09.12.2012, 10:29 Uhr

Der Charakter dieser Mannschaft (Wolfsburg) zieht sich wie ein roter Faden durch die Saison. Spielen gegen den Trainer (Felix Magath) - bei Nichtberücksichtigung im Kader (Diego) einfach abgehauen - starkes Intervenieren beim Schiedsrichter, beim angeblichen Handspiel (Schmelzer) - wiederholtes Einwerfen von Ersatzbällen ins Spielfeld (Spielverzögerung) Ums auf den Punkt zu Bringen - eine Söldnertruppe ohne Charakter !

Hollerbach

09.12.2012, 20:38 Uhr

Sehr fragwürdige Kommentare!
1. Auf welche Aussagen/Beweise beziehen sich schmidkte und JSchmidt?
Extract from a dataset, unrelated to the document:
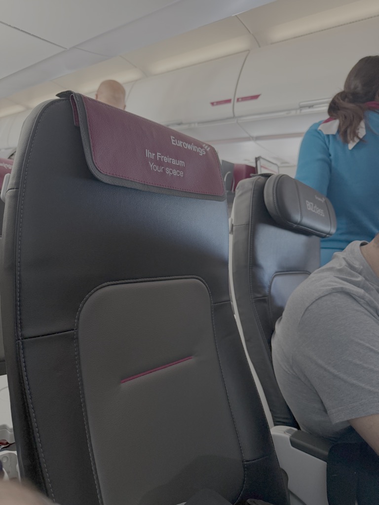 Auf diesem Flug verwendet Eurowings ein Kurz- und Mittelstreckenflugzeug, in diesem Fall eine A320neo. Das bedeutet eine 3-3 Bestuhlung.

Bisher spricht nur Klopp von "wiederholtem" Einwerfen, aber es gibt weder Videoaufnahmen davon noch sind sie im Spielbericht erwähnt.
2. Worauf beziehen sich die Aussagen über eine "unfaire spielart"? Die Bilanz der gelben Karten liest sich wie folgt: drei auf beiden Seiten.
3. Welches "torverhätnis" (sic) spricht schmidtke an? Es hat nur eine Mannschaft ein reguläres Tor erzielt.
4. Diegos Reaktion auf seine Nichtberücksichtigung ist weder der aktuellen noch der vorherigen Saison zuzuordnen.